Sarah Rossiter – Part I: In Amerika….
November 16 – December 18, 1996

Sarah Rossiter – Part I: In Amerika…. Press Release

This exhibition is comprised of two parts to emphasize the different bodies of Sarah Rossiter’s work, completed in the past six years. Part I, IN AMERIKA . . . consists of new color photographs, sculpture, and drawings; while Part II, I OBJECT highlights early black and white self-portraits, as well as earlier sculpture and drawing studies. Parallels can  be made in recent art history between Rossiter’s art, and Lee Bontecou, Hannah Wilke, Eva Hesse and Francesca Woodman. Rossiter’s work is also indebted to the Feminist Art Movement.
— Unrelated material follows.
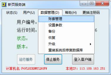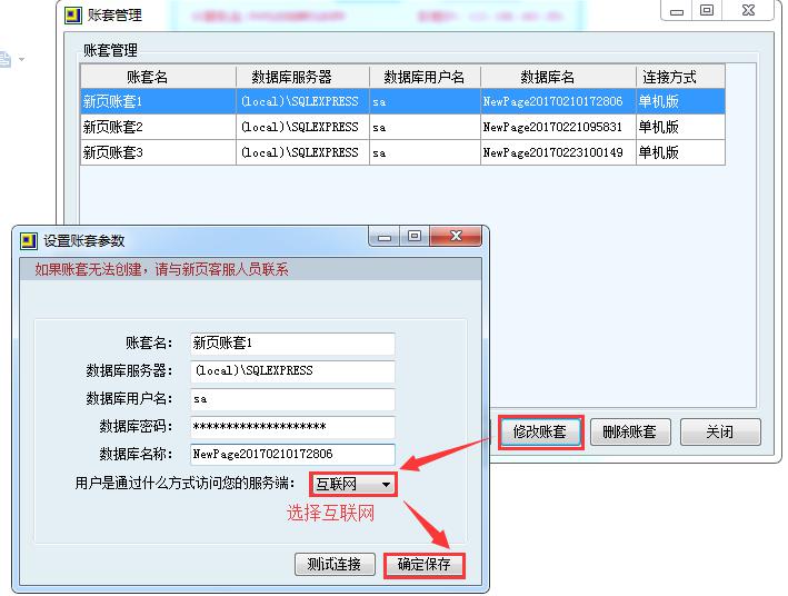 1. 新頁服務(wù)端-----數(shù)據(jù)管理-----賬套管理-----修改賬套,把服務(wù)端的訪問方式,改成互聯(lián)網(wǎng)訪問;

“IN AMERIKA . . .” refers to the 1971 title of the lesbian chapter in Our bodies, ourselves: “In Amerika They Call Us Dykes”. This is appropriate tot he exiled emotional condition reflected in the photographs and, in contrast, the utopic viison of the sculptures.
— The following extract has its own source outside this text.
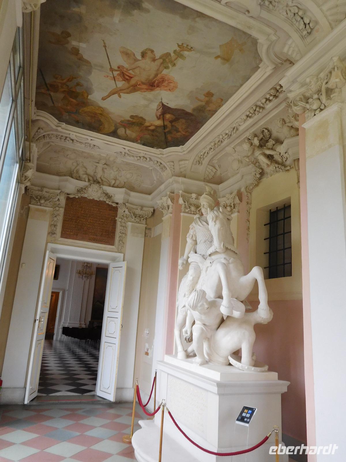 Malgorzata holte uns zeitig ab und per Bus ging es rund um die Altstadt vorbei am Kulturpalast durch das diplomatische Viertel. Abschließend stiegen wir am Lazienskipark aus und besichtigten das Sommerschloß des letzten polnischen Königs Stanislaw August II. Poniatowski, das inmitten idyllisch angelegter Teiche aus einem ehemaligen Badehaus entstand. Für den Neffen und designierten König Josef Poniatowski wurde bis 1784 im noch spätbarockem Stil das Mysliwiecki- Schlösschen errichtet. Leider fiel dieser hoffnungsvolle Fürst in der Völkerschlacht. Weiter fuhren wir ein Stückchen nach außerhalb zum Schloß Wilanow, der Sommerresidenz König Jan III. Sobieski, des Helden von Wien, der dort 1683 vernichtend ein Türkenheer schlug. Inmitten eines barocken Gartenreichs steht das von Italienern gebaute Schloß, dessen Ausmalung eine Huldigung an die aus Frankreich stammende Königin darstellt. Nach Sobieski residierten hier die beiden Wettiner, von denen denn auch sehr gute Porträts den Ballsaal schmücken. Am Nachmittag ging jeder seinen Neigungen nach und ein Teil der Gruppe ging mit dem Reiseleiter in das Nationalmuseum, wo neben den berühmten nubischen Fresken von Faras die herausragenden sakralen Kunstschätze aus Schlesien und den ehemals preußischen Provinzen zu bewundern sind.
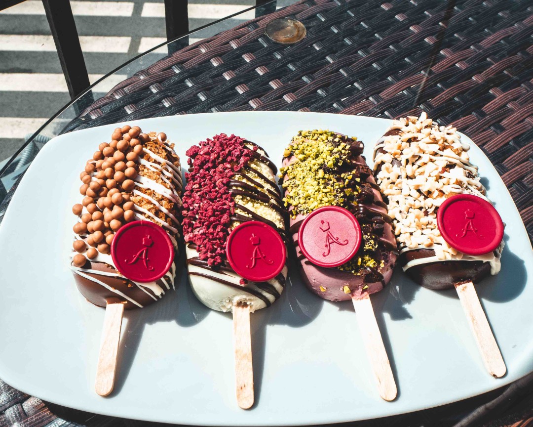 Между входом в отель «Англетер» и «Астория» на почетном месте открылся магазин – там, где в советское время работал буфет, который из-за узкой двери называли «Щель». Для меню магазина шеф-кондитер Юлия Иванова подготовила фирменные эскимо на палочке – от классического ванильного, покрытого белым, молочным или темным шоколадом, до авторских лакомств: мороженое в белом шоколаде с сушеной малиной и мятным крамблом; в молочном шоколаде с хрустящими шариками из соленой карамели; в темном шоколаде с лесными орехами и миндалем; и, наконец, в уникальном руби-шоколаде с кусочками брауни и фисташками. Летий список дополняют домашний холодный чай и лимонады.

The color photographs are of Rossiter with slide projections of industrial containers and chemical-waste plants. The female figure appears gigantic in the midst of the projected landscape, the scale suggesting both a cinematic and surrealist quality. There is a sculptural relationship in the images, between the figure and the containers, which are themselves similar to the sculptures in the exhibition. The confrontation that occurs between the literal figure and the landscapes, and between their figurative meanings suggests a power struggle. To the problem of social oppression and the defunct structure of patriarchy these images visualize solutions.

The sculptures in the installation are made of industrial and domestic materials such as plywood, sheet-metal, rolled plastic, formica and felt. They are large, minimalistic objects, similar in shape to skate-boarding ramps and graphs of waves or curved found in nature. “For me, making sculpture is an attempt to represent a visceral state,” says Rossiter. The viewer experiences the work not as a fixed historical reference, but as a shifting and ephemeral series of emotions.